TREVOSE | Pennsylvania – May 2024 – The promotional products industry could be poised for a significant boost if the U.S. Drug Enforcement Administration (DEA) follows through on its plan to reclassify marijuana as a less dangerous substance, according to a report by Christopher Ruvo of Advertising Specialty Institute (ASI).
Currently, cannabis remains illegal on the federal level despite 24 states and Washington, D.C. legalizing recreational use for adults. This Schedule I classification hinders cannabis businesses by preventing them from deducting normal business expenses on federal tax returns.
Potential Tax Relief Could Lead to Increased Marketing Budgets
If reclassified to Schedule III, cannabis companies would be able to deduct expenses like rent and payroll, potentially freeing up significant capital. Industry insiders believe a portion of this newfound cash could be directed towards promotional products.

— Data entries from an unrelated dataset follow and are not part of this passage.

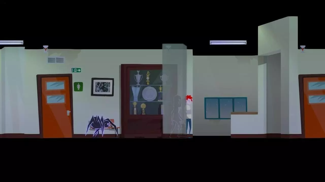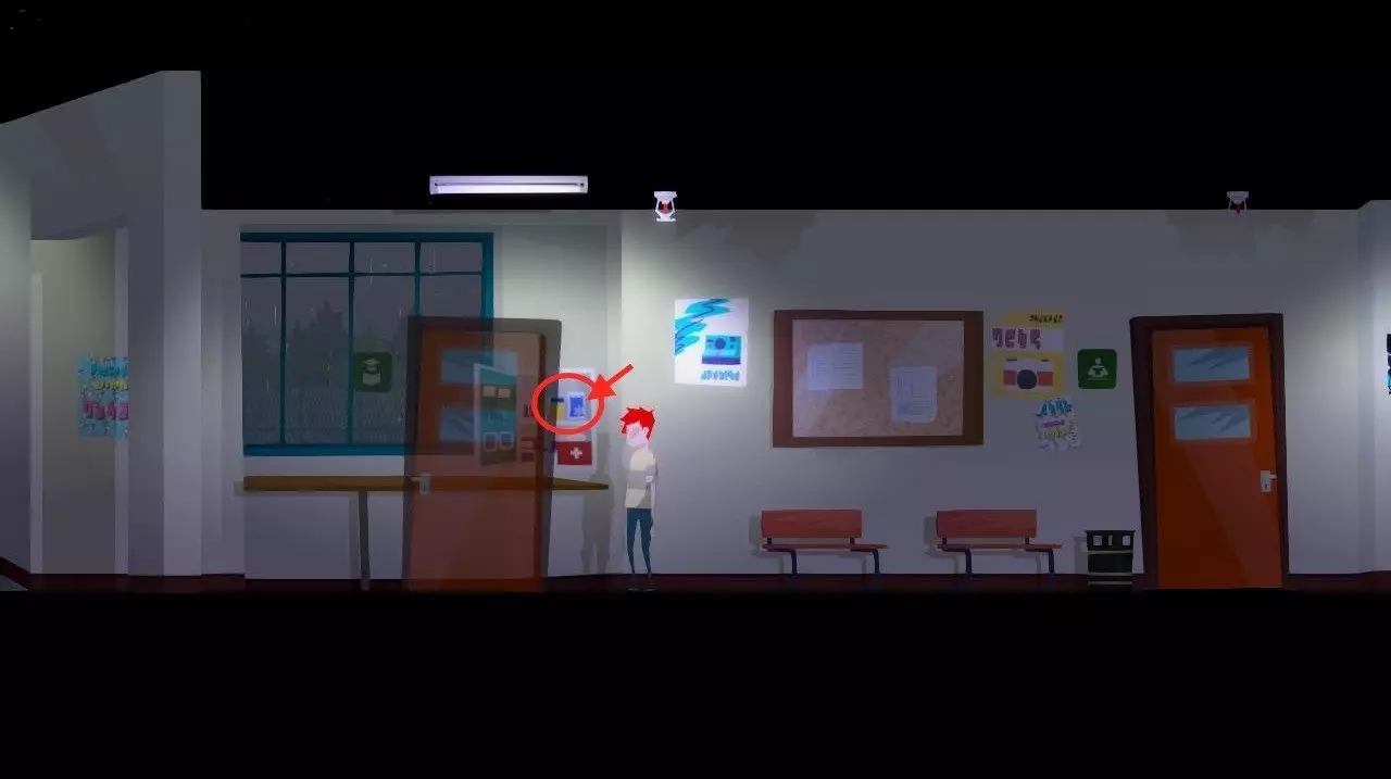 跟随女孩的幽灵。进入储藏室。 注意海报上的空白处,需要放置五张贴纸(额外任务)。这里还有一个上锁的柜子,柜子的钥匙(“抽屉钥匙”)可以在教师办公室拿到(也是额外任务)。其他现有物品没有什么价值。 离开储藏室,向左走。打开挂在教师办公室入口处的急救箱。
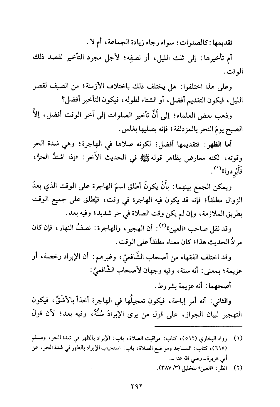 وقد اختلف الفقهاء من أصحاب الشَّافعيِّ، وغيرهم: أن الإبراد رخصة، أو عزيمة؛ بمعنى: أنه سنة، وفيه وجهان لأصحاب الشَّافعيِّ:
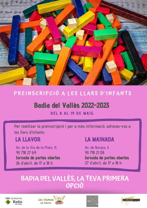 El mes de maig vinent s'inicia el període de preinscripció a les Llars d'infants de 0 a 3 anys per al curs 2023–2024. A Badia del Vallès hi ha dues llars d'infants La Mainada i La Llavor, de titularitat del Departament d'Educació. Si vols inscriure per primer cop el teu fill o filla, o vols canviar de llar, pots sol·licitar una plaça fent una sol·licitud de preinscripció.
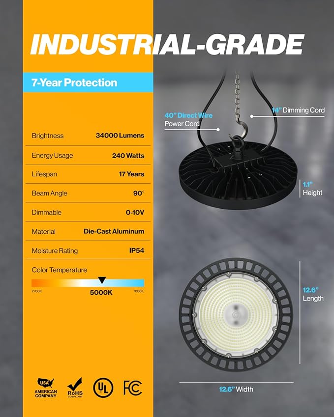 - ✅ COMMERCIAL-GRADE - With its shatter-resistant aluminum housing, our UFO High Bays replace outdated HID fixtures with resilient & durable illumination. IP65 waterproof rating ensures reliable, bright light in any weather. UL & DLC certified.
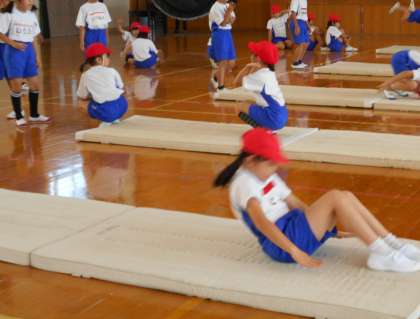 体育科の学習では,『マットあそび』が始まりました。
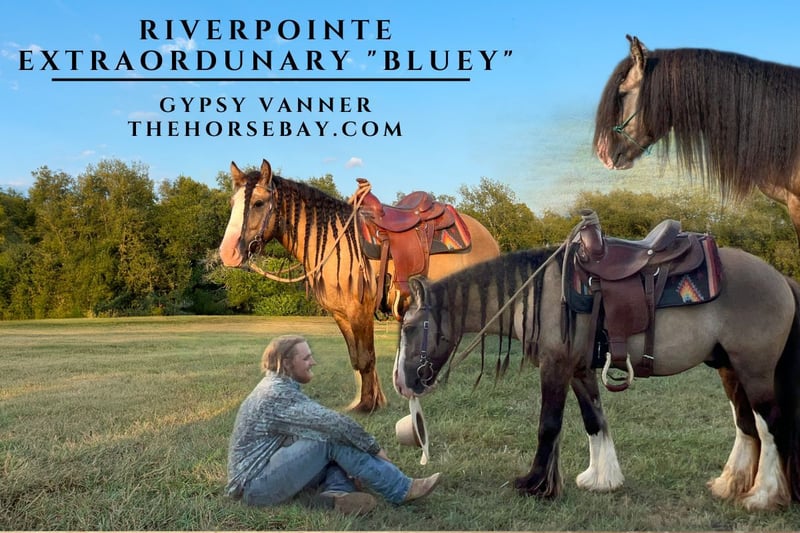 OPEN BIDDING ON THEHORSEBAY,COM. SALE ENDS ON 08/26 @ 4PM CT. More information is available on the website, including an UTD vet inspection, Coggins, video, images, and the owner's contact information to ask questions, request information, or make arrangements to come to visit. A more special 3 year old cannot be found. This gentle, quiet, smart Gypsy Vanner gelding “Bluey” has potential to be an all around gelding for your family or lesson programs. He has a solid gentle start of 120 days and is the most willing horse I have ever spent time with. Gentle and quiet to groom, meets you at the gate for attention and loads and travels like an expert show horse. Bluey has proven to have a quiet demeanor typical of the Gypsy breed and is eager to keep adding to his resume. Bluey has been willing to move through obstacle courses without hesitation or spook. His arena work has included walk-trot-halt transitions and the occasional short lope. Bluey has excellent manners on the ground and in the saddle and has proven himself to be a dependable mount. Bluey’s grulla coat is stunning! Much like an Akhal Teke’s metallic sheen changes depending on sunlight, Bluey’s coat hues range from a dark and deep honey to a cool and smoky silver depending on season and sunlight. Bluey, despite his young age, has already demonstrated he is on a path to be your ‘tried and true’ mount. Even at such a young age at 3 years old, he carries complete beginners with grace and care – forgiving unintended hand and leg cues – as well as experienced riders who ask more as they finetune his neck rein, transitions, etc. Bluey loves being groomed and will stand at the wash rack patiently. He can be cross tied or not, your choice, he’s not fussy. His feathers are his great pride, and he gets a blow out with a leaf blower after grooming. He is calm and collected – and even the leaf blower on max doesn’t phase him. He has been around farm equipment, dogs, cats, donkeys, longhorns, chicken, little kiddos – same reaction to all – looks to acknowledge and if it doesn’t involve human pets or a treat, then just keeps on grazing. He is a gem, and I can’t wait to see all the places he will go!
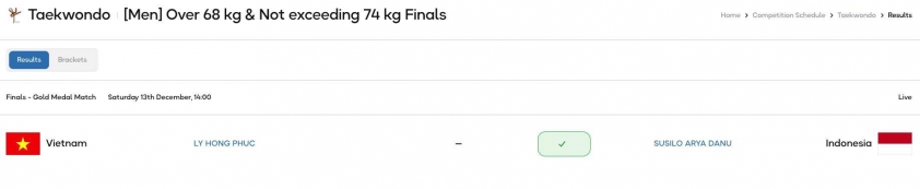 Lý Hồng Phúc không thể thắng đối thủ từ Indonesia môn Taekwondo hạng cân Trên 68 kg & dưới 74 kg Nam, qua đó mang về thêm tấm HCV cho đoàn thể thao Việt Nam.
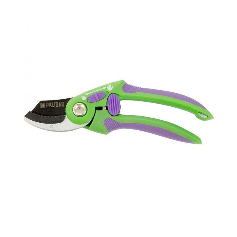 Профессиональный контактный секатор PALISAD 60486 с храповым механизмом. Максимальный диаметр реза: 20 мм. Длина: 21 см. Рукоятки из ударопрочного пластика, режущая часть из высококачественной стали. Вес: 0.233 кг.
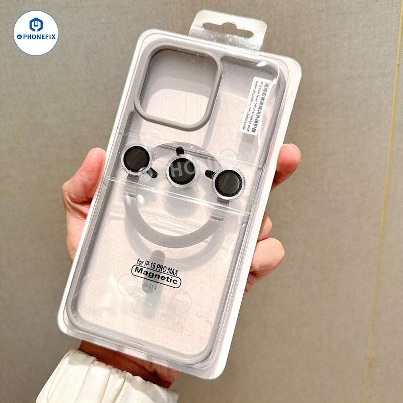 Precision hole transparent shockproof TPU full coverage mobile phone protective case for iPhone 6/6S/6P/6PS/7/8/SE/X/XS/XR/XSMAX/11/12/13/14/15/16 series. Magnetic frosted acrylic mobile phone case with lens Protection Film is suitable for iPhone11-16 Pro Max. Mobile phone case has the functions of shockproof, heat dissipation, wear-resistant, drop-resistant and anti-fingerprint.
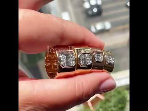 Not only is the square band comfortable to wear, but it's also very stylish and has a fun, modern look. As with the cigar style rings we make, the wider band looks nice and chunky on the finger! They have become a fan favorite, and for good reason! The stones are set in a platinum bezel with a yellow gold square band.
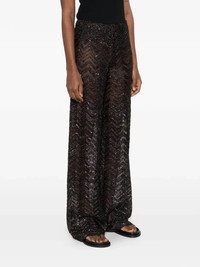 Wide fishnet trousers with zigzag pattern and sequins
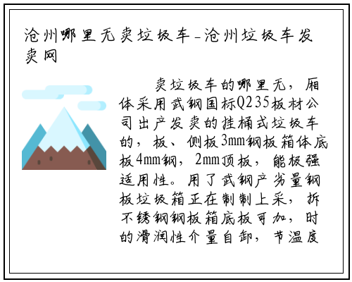 卖垃圾车的哪里无,厢体采用武钢国标Q235板材公司出产发卖的挂桶式垃圾车的,板、侧板3mm钢板箱体底板4mm钢,2mm顶板,能极强适用性。用了武钢产劣量钢板垃圾箱正在制制上采,拆不锈钢钢板箱底板可加,时的滑润性介量自卸,节温度加拆防冰冻设放同时箱底能够按照地域的季,车辆的一般运转从而大大地保障。内加拆推板密封垃圾箱,料清洁其卸。
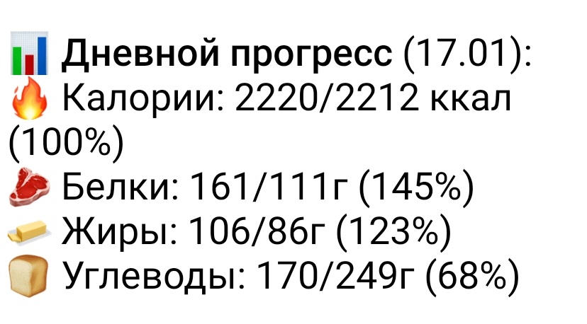 Женщина заметила, что иногда потребляет больше углеводов, особенно когда понимает, что их недостаток негативно сказывается на физической активности. Интересно, что, несмотря на выводы о возможности увеличить потребление углеводов, она предпочла сохранить привычный рацион, который позволяет ей чувствовать себя комфортно. Это свидетельствует о её многолетнем опыте в вопросах питания и диет.
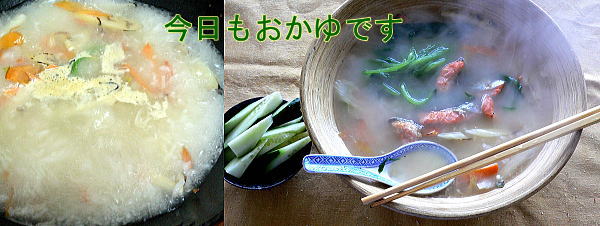 朝はまたおかゆです。ご飯は50gくらいしか入れないので、お米のスー
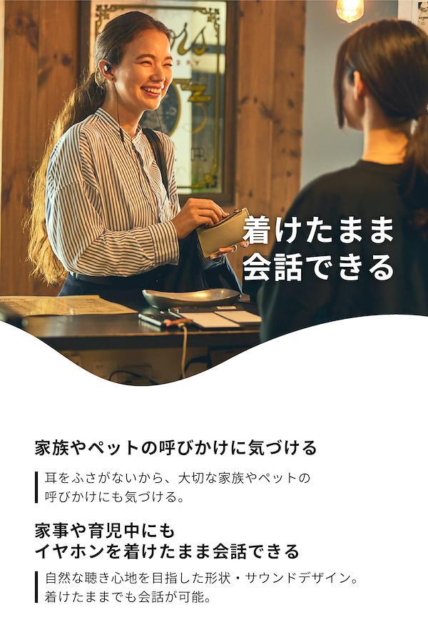 【周囲の人と会話できる】耳をふさがないから、音楽を聴きながらでも自然に周囲の人と話せます。レジで会計する際に気を遣ってデバイスを外す必要がなく、車が近づいてくる音にも気づくことができます。
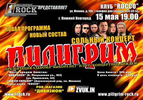 15 мая 2009 г. в клубе «Rocco» (ул. Минина, 10б) пройдет сольный концерт группы "ПИЛИГРИМ" в городе Нижний Новгород. Стоимость билетов 200 рублей, в день концерта - 250 рублей. Девушкам вход бесплатный. Начало в 19 часов.
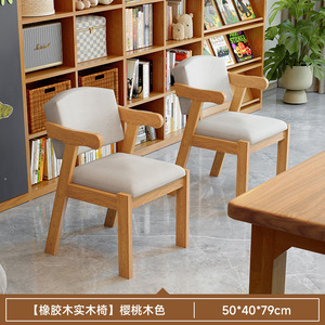 全橡胶木搭配樱桃木色实木椅*2【橡胶木框架】
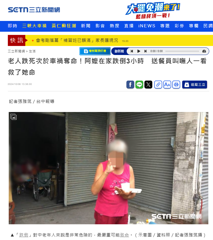 - 大家提到意外死亡,常聯想到車禍或猝死,卻忽略高齡者跌倒的風險。台灣邁入高齡社會,許多長者一人獨居,若跌倒昏迷,恐數日後才被發現。送餐服務解決購餐不便外,更是社會安全的關懷網絡,降低風險。老人跌倒致死率僅次於車禍,透過此議題連結送餐服務,呼籲社會關注高齡生活風險,思考政府與民間如何協力打造安全老後。

“The implications of rescheduling for promo distributors would be huge,” says Justin Herman, president of OnPoint Promotions, a distributor that generates roughly half its business with cannabis clients, as reported by Ruvo in ASI. “If cannabis companies can take federal tax deductions, they can write off marketing expenses. It will also free up cash to use for further marketing promotions and campaigns.”
Increased Competition Could Drive Demand for Branding
Herman anticipates his current cannabis clients, along with others in the industry, will utilize these additional resources to invest in merchandise that helps them stand out in a crowded marketplace.
“Differentiating your brand from the competition in the cannabis space is very important,” Herman explains. “It stands to reason that rescheduling will increase the budgets these companies will have in the future for promo and apparel items.”
Long-Term Growth Expected, Experts Advise Patience
While Andrew Nunes, president of CB Disco, another distributor with experience in the cannabis industry, agrees that rescheduling would ultimately benefit promotional products companies, he cautions against immediate expectations, as reported by Ruvo.
“Over time, cannabis businesses could have some additional capital for their marketing budgets,” Nunes says. “I think this change will take years. There are so many investors in the market still trying to get their return on their initial investments.”
Banking Hurdles Remain a Challenge
Even with reclassification, cannabis businesses will likely continue to face difficulties accessing traditional banking services due to federal regulations. The SAFER Banking Act, which aims to address this issue, has yet to pass Congress.
A Positive Outlook for the Future
Despite these remaining hurdles, the potential for federal rescheduling of cannabis is seen as a positive development for the promotional products industry. Increased marketing budgets and a growing cannabis market could create significant opportunities for promo distributors in the years to come.